For memories, for life, for the breath to be present- he is thankful.

My redhead wraps his arms around me, squeezes me tight with his typical “I’ve got a burst of energy!”

I squeeze him back hard.  If I have to choose between perfect or present, I will choose present every time.

He’s here.  I’m here.  We are together.  And like my favorite broken pumpkin will now always remind me, that’s one of the best reasons to give thanks.

brokenpumpkin

6 thoughts on “Broken Thanks”

  1. So well written! Thank you for sharing your talents and writing about all of the real life things that happen. I love reading your blog!!

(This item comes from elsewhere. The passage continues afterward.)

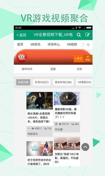 VR游戏视频聚合是一最大的VR信息资讯、VR资源共享工具,深受广大VRer的喜爱。这里有丰富的VR资源,VR电影,VR视频,VR眼睛评测,同时拥有众多共同爱好的VRer,在这里你可以尽情的结识新的朋友。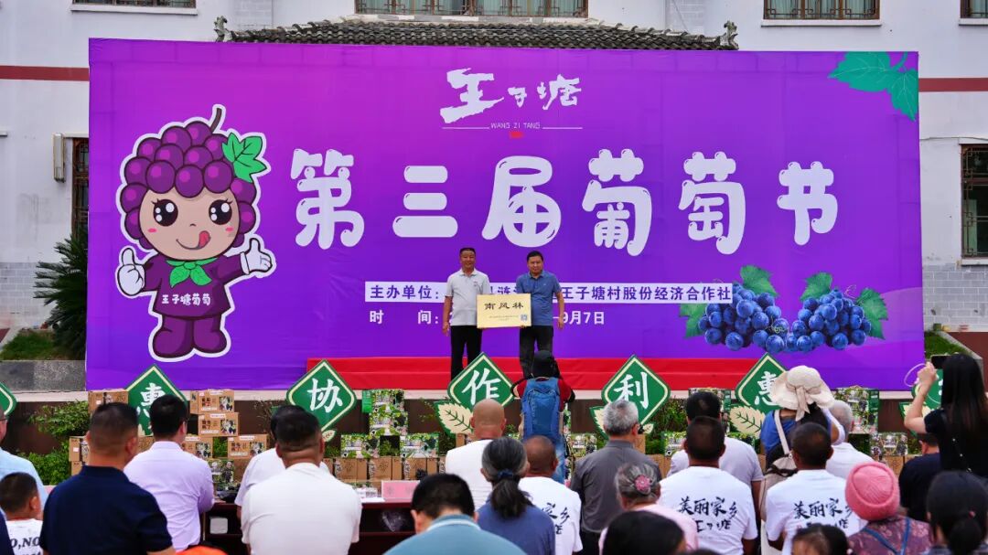 此次活动以葡萄为媒介、以节庆会友,既展现乡村特色产业成果,也为游客献上一场集采摘、游乐、体验于一体的田园盛会。开幕式上,贵州南风杂志社有限责任公司为王子塘村“南风林”生态基地授牌。

  2. Beautiful, Heidi. Just beautiful. Also, I love the pic of Jonathan and the broken pumpkin. Thank you for all your work in giving us a beautiful table, wonderful food and sweet thanksgiving together. You kept Jonathan’s spirit intact and that was the most important thing.

    1. Thank you, Dad. I remember accidentally breaking things as a kid, and mom would say, “It’s okay. It’s just stuff!” And now I get to practice having the same grace for my boys! Yes, it was a wonderful thanksgiving. And I thought your turkey and gravy turned out fabulous!